In order to update the film’s equipment, Feig asked Dr James Maxwell, a particle physicist at MIT, to devise a more modern proton pack that was as rooted in reality as possible. The proton pack in the original incorporated a cyclotron, which used two electrodes. The particle starts in the middle and spirals outwards, gaining speed as it does so. Maxwell chose to update this by using a synchrotron, which can vary the magnetic field into a ring instead of a spiral – it is a circular particle accelerator, rather like the Large Hadron Collider.
The ectozone uses exactly the same principle – it’s just bigger, and it has more lasers.

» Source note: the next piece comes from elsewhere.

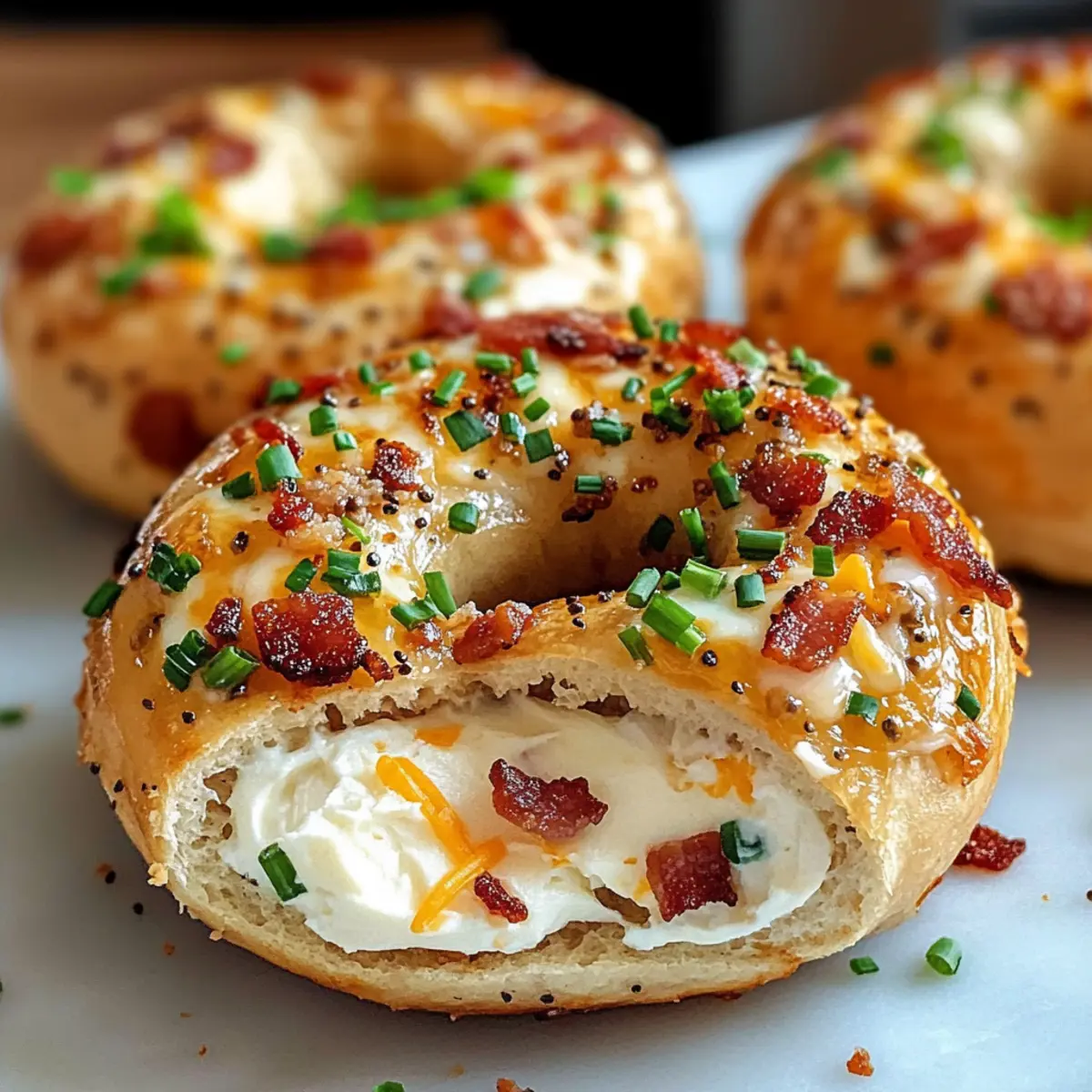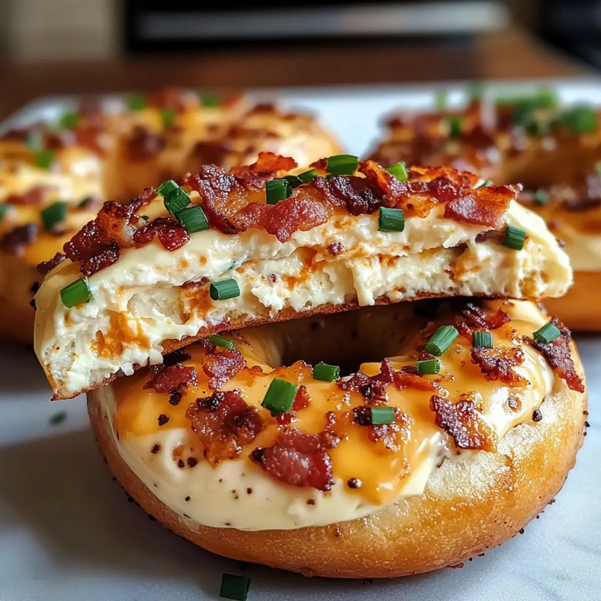 Kürzlich saß ich in meinem Lieblingscafé, der Duft von frisch gebackenem Brot umhüllte mich und weckte Erinnerungen an ein unbeschwertes Frühstück. Was könnte besser sein, als mit einem selbstgemachten, warmen Bagel zu starten? Diese Würzige Speck-Frischkäse-Bagels sind die perfekte Lösung, wenn man sich nach etwas Deftigem und Herzhaftem sehnt. Das Beste daran? Diese Bagels sind nicht nur ein wahres Fest für die Sinne, sondern auch unglaublich einfach zuzubereiten – ideal für alle, die die Hektik des Alltags hinter sich lassen möchten. Mit der Kombination aus knusprigem Speck, cremigem Frischkäse und der Möglichkeit, verschiedene Bageltypen zu verwenden, sind sie die perfekte Wahl für ein köstliches Frühstück oder einen Snack. Bist du bereit, deine Frühstücksroutine aufzupeppen? Warum wirst du dieses Rezept lieben? Einfachheit pur: Die Zubereitung dieser würzigen Speck-Frischkäse-Bagels ist denkbar einfach und erfordert keine speziellen Kochkünste. Reichhaltiger Geschmack: Die Kombination aus cremigem Frischkäse und knusprigem Speck sorgt für ein unvergleichliches Geschmackserlebnis, das den Gaumen verwöhnt. Vielseitigkeit: Egal ob mit einem klassischen Bagel oder einer speziellen Sorte wie Sesam oder Zwiebel, du kannst diese Bagels ganz nach deinem Geschmack anpassen. Perfekte Texturen: Der Kontrast zwischen dem knackigen Bacon und der samtigen Creme macht jeden Bissen zu einem Genuss, der die Sinne verzaubert. Köstlicher Komfort: Diese Bagels sind die ideale Wahl für alle, die sich nach einem herzhaften Frühstück sehnen und gleichzeitig die Vorzüge eines hausgemachten Snacks genießen möchten. Schnell zubereitet: In weniger als 30 Minuten sind sie fertig, was sie perfekt für hektische Morgen macht. Warum nicht auch deine Familie mit diesen köstlichen Bagels verwöhnen? Würzige Speck-Frischkäse-Bagels Zutaten Für die Bagels • Bagels – Verwende frische, dichte Bagels für optimale Ergebnisse; sie sorgen für den perfekten Biss. Für die Füllung • Frischkäse – Dieser sorgt für eine reichhaltige, cremige Basis; du kannst zwischen normalem, fettarmem oder geschlagenem Frischkäse wählen. • Geriebener Cheddar-Käse – Er fügt Geschmack und Textur hinzu; andere schmelzbare Käsesorten sind ebenfalls möglich. • Gekochter Speck – Bringt die knusprige, herzhafte Note; achte darauf, den Speck abkühlen zu lassen, um den Frischkäse nicht zu schmelzen. • Mayonnaise – Fügt der Füllung Cremigkeit hinzu; griechischer Joghurt ist eine leichtere Alternative. • Sauerrahm – Verstärkt die Cremigkeit; kann durch zusätzlichen Frischkäse ersetzt werden. • Chili-Sauce (optional) – Für eine pikante Note; weglassen für eine mildere Variante. • Salz und Pfeffer – Zum Würzen; nach Geschmack anpassen. Entdecke den unwiderstehlichen Geschmack dieser Würzige Speck-Frischkäse-Bagels und lass dich von den Variationen inspirieren! Schritt-für-Schritt-Anleitung für Würzige Speck-Frischkäse-Bagels Step 1: Füllung vorbereiten In einer Schüssel alle Zutaten für die Füllung kombinieren: Frischkäse, geriebenen Cheddar, gewürfelten, abgekühlten Speck, Mayonnaise, Sauerrahm und optional die Chili-Sauce. Mit einem Handmixer oder Löffel gut vermengen, bis die Mischung cremig und gleichmäßig ist. Achte darauf, nicht zu übermixen. Lass die Füllung für 30 Minuten im Kühlschrank ruhen, damit sie fester wird. Step 2: Bagels vorbereiten Halbiere die Bagels, indem du einen dünnen Schnitt an der Unterseite machst, während die obere Seite mit den Saaten intakt bleibt. Nimm einen kleinen Löffel oder ein Messer und höhle die Mitte der Bagels vorsichtig aus. Achte darauf, nicht durchzuschneiden, sodass die Füllung später gut darin hält. Die Bagels sollten leicht knusprig und goldbraun sein. Step 3: Bagels füllen Nimm die gekühlte Füllung aus dem Kühlschrank und fülle jede Bagelhälfte gleichmäßig auf. Verwende einen Spachtel oder einen Löffel, um die Füllung glatt in die hohlen Bagels zu verteilen. Über die Füllung kannst du reservierten gekochten Speck und nach Belieben gehackte Chives streuen, um zusätzlichen Geschmack und eine schöne Präsentation zu erzielen. Step 4: Backen Lege die gefüllten Bagels auf ein mit Backpapier ausgelegtes Blech. Heize den Ofen auf 190 °C vor. Backe die Bagels für 12 bis 15 Minuten, bis die Oberseite goldbraun ist und der Käse anfängt zu blubbern. Halte ein Auge auf sie, damit sie nicht zu dunkel werden und die perfekte Konsistenz erhalten. Step 5: Servieren Nimm die Bagels aus dem Ofen und lasse sie kurz abkühlen, bevor du sie servierst. Genieße die Würzige Speck-Frischkäse-Bagels sofort, wenn sie noch heiß sind, um das köstliche Aroma und die cremige Textur optimal zu erleben. Für einen zusätzlichen Kick kannst du die Bagels mit frischen Chives garnieren. Aufbewahrungstipps für Würzige Speck-Frischkäse-Bagels Kühlschrank: Die gefüllten Bagels sollten in einem luftdichten Behälter im Kühlschrank aufbewahrt werden und sind für bis zu 3 Tage genießbar. Tiefkühler: Du kannst die gefüllten Bagels vor dem Backen einfrieren. Wickele sie gut in Frischhaltefolie ein und lagere sie bis zu 2 Monate. Auftauen: Zum Auftauen die gefrorenen Bagels einfach über Nacht im Kühlschrank lagern oder direkt bei Raumtemperatur auftauen lassen. Die Füllung sollte danach gut gekühlt sein. Aufwärmen: Bei 180 °C für etwa 10 Minuten aufbacken, bis sie warm sind und die Füllung wieder cremig wird. Der Geschmack der Würzigen Speck-Frischkäse-Bagels bleibt so wunderbar erhalten. Expert Tipps für Würzige Speck-Frischkäse-Bagels Bacon abkühlen lassen: Achte darauf, dass der gekochte Speck vollständig abgekühlt ist, bevor du ihn zur Füllung gibst, um das Schmelzen des Frischkäses zu vermeiden. Bagels leicht rösten: Röste die Bagels leicht, um eine optimale Textur zu erreichen. Dies hilft, sie knusprig und warm zu halten. Nicht übermixen: Übermische die Frischkäsemischung

However, using a synchrotron implies that it must be superconducting, as you would need incredibly high magnetic fields in a very compact form. A superconducting magnet needs to be cooled to cryogenic temperatures during operation, and so this would require some form of coolant, which would likely be liquid helium. The pack would also need a cyro-cooler to help actively cool the magnet too.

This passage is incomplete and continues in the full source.